Dumpsters in Downtown alleys and on Downtown sidewalks became illegal at the beginning of November and even though businesses there knew the change in policy was coming, many did nothing to prepare for it.

Each dumpster was to come with a fine of $500 for each month they remained. But those fines were reduced by a Memphis City Council committee Tuesday to $200. It is expected that council members, city staff and Downtown merchants will work together to devise a more-permanent solution to what could become a stinking, rodent-infested problem.

If Downtown merchants, especially restaurants, have to get rid of their dumpsters, city leaders said Tuesday they would pile their trash in alleys between buildings or other out of the way places, which will create health hazards.

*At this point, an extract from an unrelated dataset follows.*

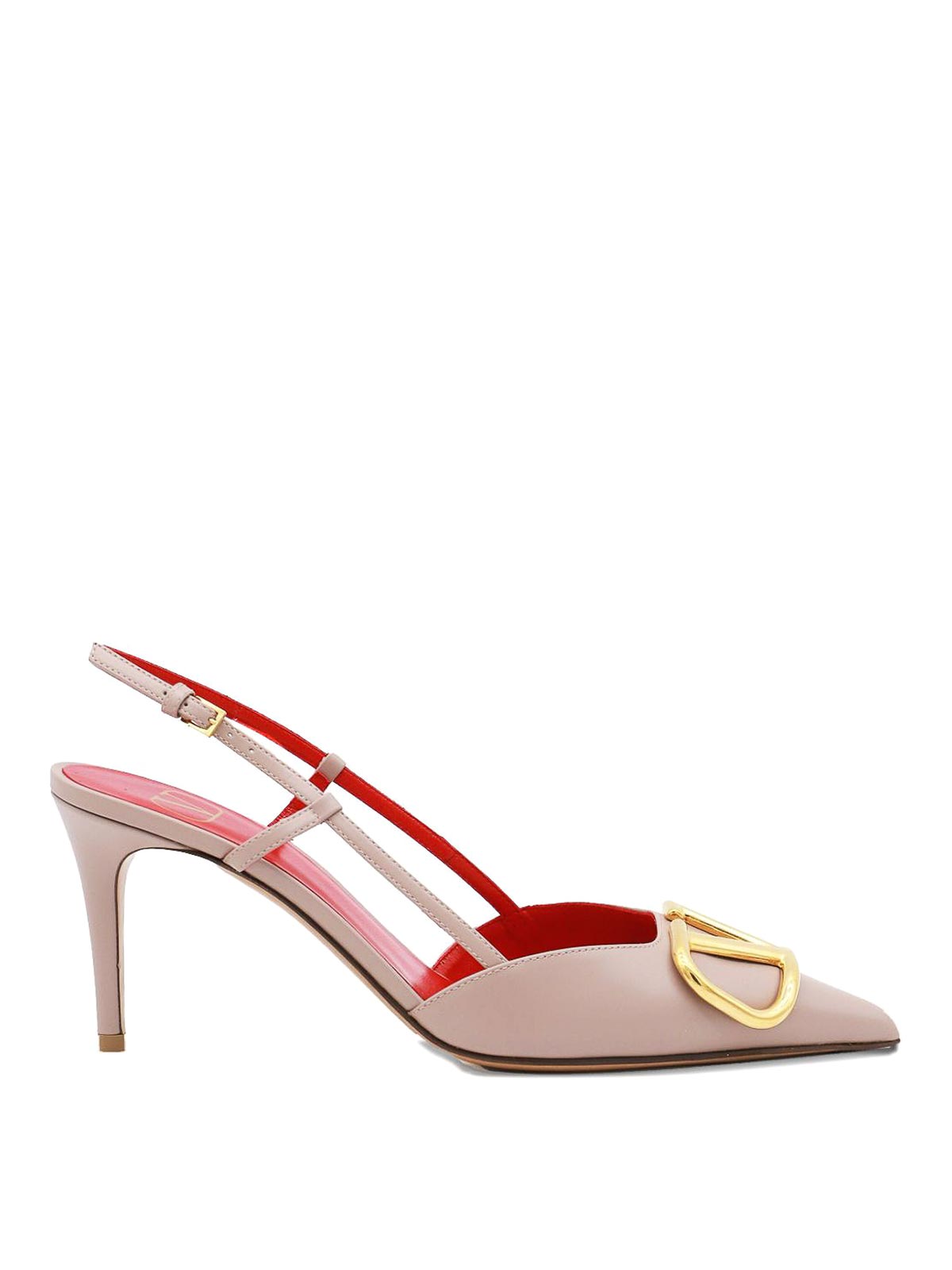 Pink calf leather vlogo signature plaque buckle-fastening slingback strap pointed toe 80mm stiletto heel branded insole 80mm high heel

A proposal from council member Lee Harris would have used $300,000 in city funds to build six concrete pads for trash compactors, which would have been built by private companies and the merchants they serve. But the proposal died in committee as members the money would have had to come from city reserves and go to private entities.

Bianca Phillips

Downtown Memphis dumpsters

“We just don’t have the money,” said council member Jim Strickland. “(Tennessee State Comptroller Justin Wilson) is already upset at us about not having enough money in reserves. We don’t have a money tree on Mud Island that we can just pull from.”

Harris said he was more interested in protecting Downtown stakeholders than in spending reserve funds. Jerome Rubin, former council member and vice president of operation for the Downtown Memphis Commission, said the $300,000 investment was vital to protect health concerns and that the funds could be recouped by the city through a new fee on Downtown businesses and residents.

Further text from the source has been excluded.